AVAILABLE DATA section start
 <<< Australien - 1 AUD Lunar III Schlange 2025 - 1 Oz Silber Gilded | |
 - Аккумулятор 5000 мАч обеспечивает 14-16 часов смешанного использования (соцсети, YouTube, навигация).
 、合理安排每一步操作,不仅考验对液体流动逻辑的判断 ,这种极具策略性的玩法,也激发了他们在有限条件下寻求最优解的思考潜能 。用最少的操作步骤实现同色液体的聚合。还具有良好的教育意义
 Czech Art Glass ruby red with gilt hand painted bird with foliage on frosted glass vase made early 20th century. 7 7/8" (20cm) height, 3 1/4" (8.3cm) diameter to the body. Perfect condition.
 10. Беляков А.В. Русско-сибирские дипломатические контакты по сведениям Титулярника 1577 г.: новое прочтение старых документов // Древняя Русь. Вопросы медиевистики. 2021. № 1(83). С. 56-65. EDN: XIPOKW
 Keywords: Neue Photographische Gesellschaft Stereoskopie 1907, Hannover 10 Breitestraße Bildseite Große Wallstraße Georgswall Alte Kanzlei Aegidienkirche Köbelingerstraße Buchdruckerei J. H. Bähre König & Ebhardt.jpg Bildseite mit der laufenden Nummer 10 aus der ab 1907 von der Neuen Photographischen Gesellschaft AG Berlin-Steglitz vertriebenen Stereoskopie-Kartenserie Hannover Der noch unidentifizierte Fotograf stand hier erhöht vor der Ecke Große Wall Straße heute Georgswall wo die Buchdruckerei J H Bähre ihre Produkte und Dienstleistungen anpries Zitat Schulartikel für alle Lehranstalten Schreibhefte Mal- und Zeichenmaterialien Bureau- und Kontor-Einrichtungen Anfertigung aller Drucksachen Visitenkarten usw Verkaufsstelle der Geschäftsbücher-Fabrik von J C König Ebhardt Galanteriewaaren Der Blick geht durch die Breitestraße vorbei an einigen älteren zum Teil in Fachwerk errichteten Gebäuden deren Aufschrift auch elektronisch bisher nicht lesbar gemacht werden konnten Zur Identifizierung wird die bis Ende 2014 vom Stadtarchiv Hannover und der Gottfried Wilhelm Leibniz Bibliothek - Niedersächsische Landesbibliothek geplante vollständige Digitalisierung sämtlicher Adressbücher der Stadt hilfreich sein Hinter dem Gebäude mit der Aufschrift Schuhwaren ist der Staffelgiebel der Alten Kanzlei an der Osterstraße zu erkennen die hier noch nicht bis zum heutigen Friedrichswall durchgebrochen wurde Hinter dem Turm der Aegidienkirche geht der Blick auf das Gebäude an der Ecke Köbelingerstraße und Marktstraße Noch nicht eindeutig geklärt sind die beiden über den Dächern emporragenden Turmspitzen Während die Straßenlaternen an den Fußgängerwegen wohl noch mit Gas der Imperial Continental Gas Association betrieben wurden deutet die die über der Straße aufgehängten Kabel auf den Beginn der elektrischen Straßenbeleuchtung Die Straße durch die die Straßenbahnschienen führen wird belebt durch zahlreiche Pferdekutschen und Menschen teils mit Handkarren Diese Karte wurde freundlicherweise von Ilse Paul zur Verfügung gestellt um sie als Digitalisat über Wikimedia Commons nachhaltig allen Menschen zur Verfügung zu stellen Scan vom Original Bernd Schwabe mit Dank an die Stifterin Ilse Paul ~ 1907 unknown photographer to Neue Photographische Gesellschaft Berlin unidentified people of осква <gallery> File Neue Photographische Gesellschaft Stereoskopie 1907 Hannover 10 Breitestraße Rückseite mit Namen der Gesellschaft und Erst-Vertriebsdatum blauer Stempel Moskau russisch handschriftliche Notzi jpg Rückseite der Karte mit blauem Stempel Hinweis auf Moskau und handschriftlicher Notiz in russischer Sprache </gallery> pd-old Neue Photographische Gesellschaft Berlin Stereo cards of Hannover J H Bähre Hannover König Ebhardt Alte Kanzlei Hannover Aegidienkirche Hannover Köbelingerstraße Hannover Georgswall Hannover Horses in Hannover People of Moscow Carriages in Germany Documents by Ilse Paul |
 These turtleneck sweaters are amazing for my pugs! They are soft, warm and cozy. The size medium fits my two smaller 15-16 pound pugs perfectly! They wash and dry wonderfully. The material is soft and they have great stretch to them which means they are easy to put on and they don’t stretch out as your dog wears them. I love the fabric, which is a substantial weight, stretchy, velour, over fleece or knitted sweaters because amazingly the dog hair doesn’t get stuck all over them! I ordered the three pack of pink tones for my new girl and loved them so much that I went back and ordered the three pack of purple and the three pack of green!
AVAILABLE DATA section end
Repeat back all entries verbatim.

 <<< Australien - 1 AUD Lunar III Schlange 2025 - 1 Oz Silber Gilded | |
 - Аккумулятор 5000 мАч обеспечивает 14-16 часов смешанного использования (соцсети, YouTube, навигация).
 、合理安排每一步操作,不仅考验对液体流动逻辑的判断 ,这种极具策略性的玩法,也激发了他们在有限条件下寻求最优解的思考潜能 。用最少的操作步骤实现同色液体的聚合。还具有良好的教育意义
 Czech Art Glass ruby red with gilt hand painted bird with foliage on frosted glass vase made early 20th century. 7 7/8" (20cm) height, 3 1/4" (8.3cm) diameter to the body. Perfect condition.
 10. Беляков А.В. Русско-сибирские дипломатические контакты по сведениям Титулярника 1577 г.: новое прочтение старых документов // Древняя Русь. Вопросы медиевистики. 2021. № 1(83). С. 56-65. EDN: XIPOKW
 Keywords: Neue Photographische Gesellschaft Stereoskopie 1907, Hannover 10 Breitestraße Bildseite Große Wallstraße Georgswall Alte Kanzlei Aegidienkirche Köbelingerstraße Buchdruckerei J. H. Bähre König & Ebhardt.jpg Bildseite mit der laufenden Nummer 10 aus der ab 1907 von der Neuen Photographischen Gesellschaft AG Berlin-Steglitz vertriebenen Stereoskopie-Kartenserie Hannover Der noch unidentifizierte Fotograf stand hier erhöht vor der Ecke Große Wall Straße heute Georgswall wo die Buchdruckerei J H Bähre ihre Produkte und Dienstleistungen anpries Zitat Schulartikel für alle Lehranstalten Schreibhefte Mal- und Zeichenmaterialien Bureau- und Kontor-Einrichtungen Anfertigung aller Drucksachen Visitenkarten usw Verkaufsstelle der Geschäftsbücher-Fabrik von J C König Ebhardt Galanteriewaaren Der Blick geht durch die Breitestraße vorbei an einigen älteren zum Teil in Fachwerk errichteten Gebäuden deren Aufschrift auch elektronisch bisher nicht lesbar gemacht werden konnten Zur Identifizierung wird die bis Ende 2014 vom Stadtarchiv Hannover und der Gottfried Wilhelm Leibniz Bibliothek - Niedersächsische Landesbibliothek geplante vollständige Digitalisierung sämtlicher Adressbücher der Stadt hilfreich sein Hinter dem Gebäude mit der Aufschrift Schuhwaren ist der Staffelgiebel der Alten Kanzlei an der Osterstraße zu erkennen die hier noch nicht bis zum heutigen Friedrichswall durchgebrochen wurde Hinter dem Turm der Aegidienkirche geht der Blick auf das Gebäude an der Ecke Köbelingerstraße und Marktstraße Noch nicht eindeutig geklärt sind die beiden über den Dächern emporragenden Turmspitzen Während die Straßenlaternen an den Fußgängerwegen wohl noch mit Gas der Imperial Continental Gas Association betrieben wurden deutet die die über der Straße aufgehängten Kabel auf den Beginn der elektrischen Straßenbeleuchtung Die Straße durch die die Straßenbahnschienen führen wird belebt durch zahlreiche Pferdekutschen und Menschen teils mit Handkarren Diese Karte wurde freundlicherweise von Ilse Paul zur Verfügung gestellt um sie als Digitalisat über Wikimedia Commons nachhaltig allen Menschen zur Verfügung zu stellen Scan vom Original Bernd Schwabe mit Dank an die Stifterin Ilse Paul ~ 1907 unknown photographer to Neue Photographische Gesellschaft Berlin unidentified people of осква <gallery> File Neue Photographische Gesellschaft Stereoskopie 1907 Hannover 10 Breitestraße Rückseite mit Namen der Gesellschaft und Erst-Vertriebsdatum blauer Stempel Moskau russisch handschriftliche Notzi jpg Rückseite der Karte mit blauem Stempel Hinweis auf Moskau und handschriftlicher Notiz in russischer Sprache </gallery> pd-old Neue Photographische Gesellschaft Berlin Stereo cards of Hannover J H Bähre Hannover König Ebhardt Alte Kanzlei Hannover Aegidienkirche Hannover Köbelingerstraße Hannover Georgswall Hannover Horses in Hannover People of Moscow Carriages in Germany Documents by Ilse Paul |
 These turtleneck sweaters are amazing for my pugs! They are soft, warm and cozy. The size medium fits my two smaller 15-16 pound pugs perfectly! They wash and dry wonderfully. The material is soft and they have great stretch to them which means they are easy to put on and they don’t stretch out as your dog wears them. I love the fabric, which is a substantial weight, stretchy, velour, over fleece or knitted sweaters because amazingly the dog hair doesn’t get stuck all over them! I ordered the three pack of pink tones for my new girl and loved them so much that I went back and ordered the three pack of purple and the three pack of green!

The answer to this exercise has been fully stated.